Segment Start: DATASET CONTENT
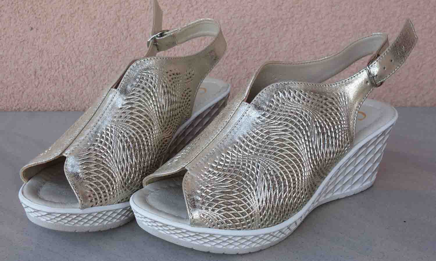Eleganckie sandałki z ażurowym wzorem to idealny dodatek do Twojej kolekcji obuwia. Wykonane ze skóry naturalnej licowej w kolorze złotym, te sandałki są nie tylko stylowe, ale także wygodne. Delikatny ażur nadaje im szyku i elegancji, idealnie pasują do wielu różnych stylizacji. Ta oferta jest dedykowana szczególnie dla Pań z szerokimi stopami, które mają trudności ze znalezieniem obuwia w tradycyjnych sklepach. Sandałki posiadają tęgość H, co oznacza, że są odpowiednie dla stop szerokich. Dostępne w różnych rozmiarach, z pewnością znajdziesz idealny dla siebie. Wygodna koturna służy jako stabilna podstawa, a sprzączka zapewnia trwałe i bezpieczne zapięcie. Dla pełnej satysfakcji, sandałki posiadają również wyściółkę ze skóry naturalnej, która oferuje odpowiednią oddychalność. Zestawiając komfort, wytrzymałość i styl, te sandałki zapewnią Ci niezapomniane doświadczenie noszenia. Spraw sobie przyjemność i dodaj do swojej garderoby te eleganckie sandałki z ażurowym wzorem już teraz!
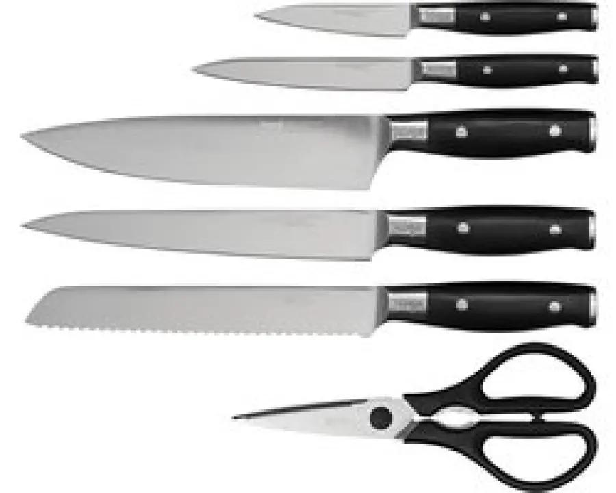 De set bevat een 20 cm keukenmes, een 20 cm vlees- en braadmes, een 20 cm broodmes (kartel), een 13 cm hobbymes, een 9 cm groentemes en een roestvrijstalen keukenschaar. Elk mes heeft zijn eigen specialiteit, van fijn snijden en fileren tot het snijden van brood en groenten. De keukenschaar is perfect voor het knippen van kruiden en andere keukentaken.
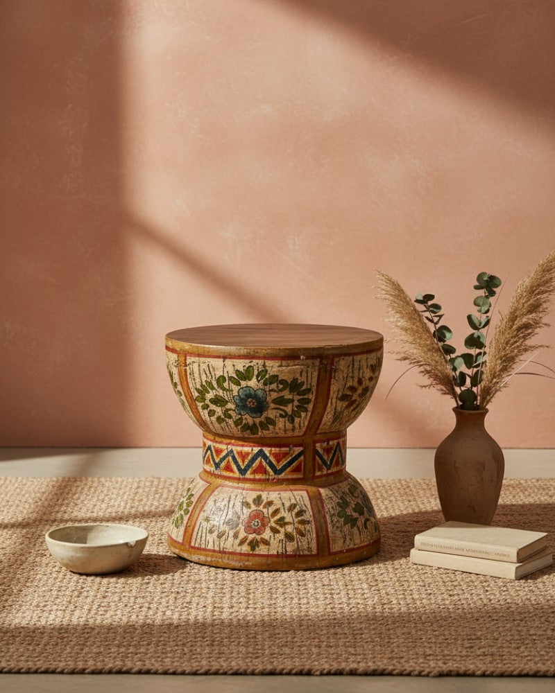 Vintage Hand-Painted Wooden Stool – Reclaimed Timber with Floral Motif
Segment End: DATASET CONTENT
Segment Start: DATASET CONTENT
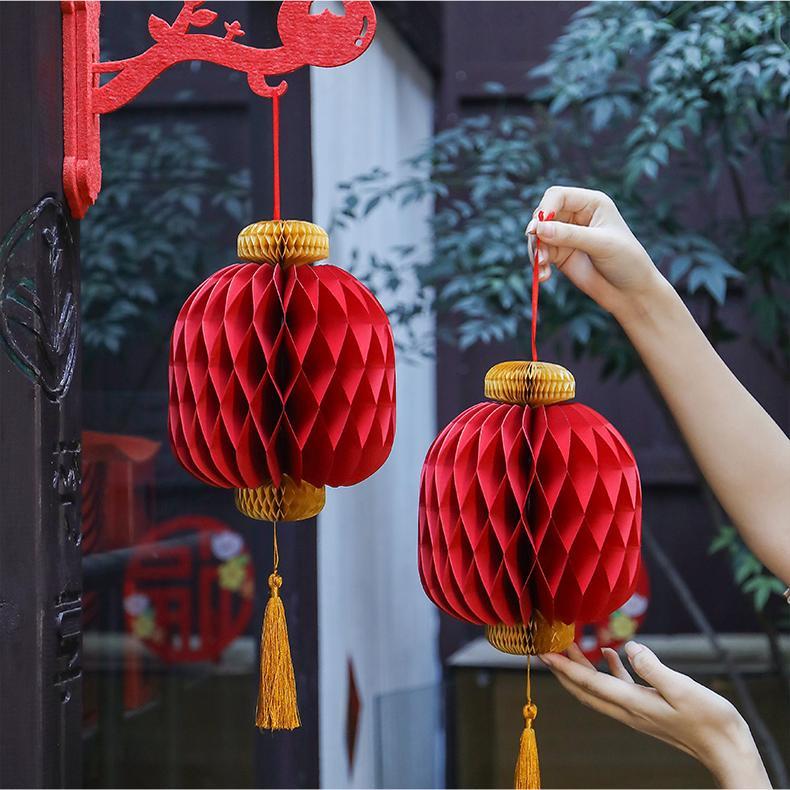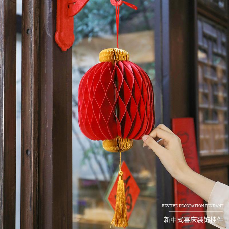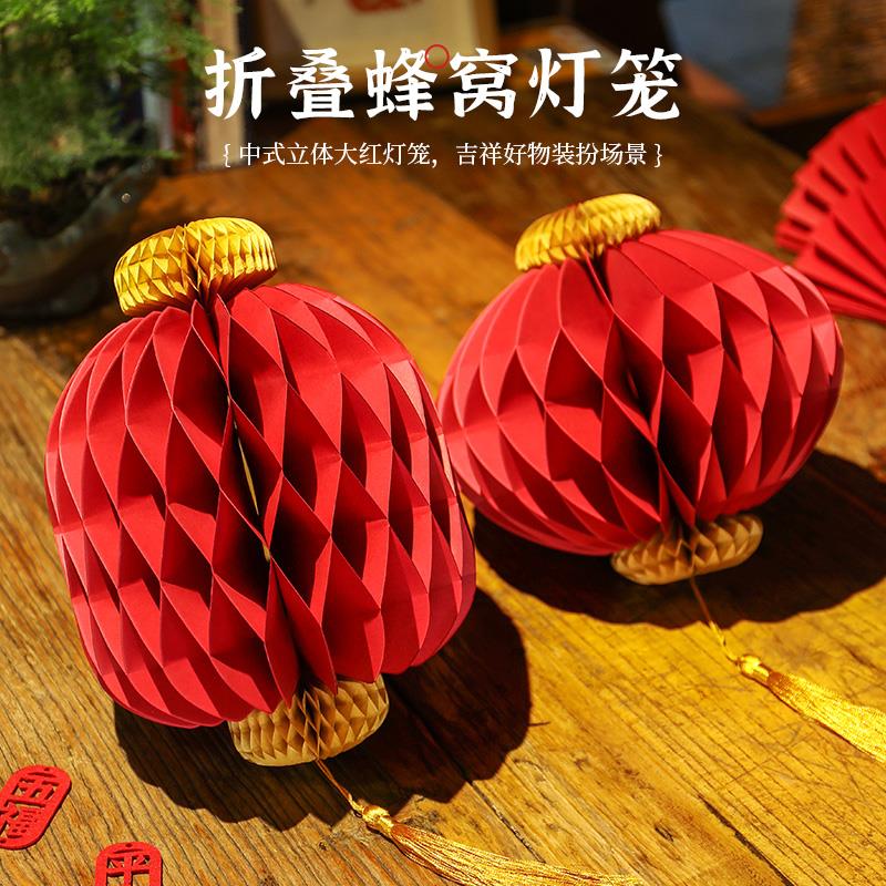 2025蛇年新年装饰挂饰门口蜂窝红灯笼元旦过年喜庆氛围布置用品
Segment End: DATASET CONTENT
- TASK TO COMPLETE -
Your reply is to be an exact repeat of the listing above from the line holding "De set bevat" down to the line holding "Vintage Hand-Painted Wooden", ends included, pictures excluded.

- YOUR SOLUTION -
 De set bevat een 20 cm keukenmes, een 20 cm vlees- en braadmes, een 20 cm broodmes (kartel), een 13 cm hobbymes, een 9 cm groentemes en een roestvrijstalen keukenschaar. Elk mes heeft zijn eigen specialiteit, van fijn snijden en fileren tot het snijden van brood en groenten. De keukenschaar is perfect voor het knippen van kruiden en andere keukentaken.
 Vintage Hand-Painted Wooden Stool – Reclaimed Timber with Floral Motif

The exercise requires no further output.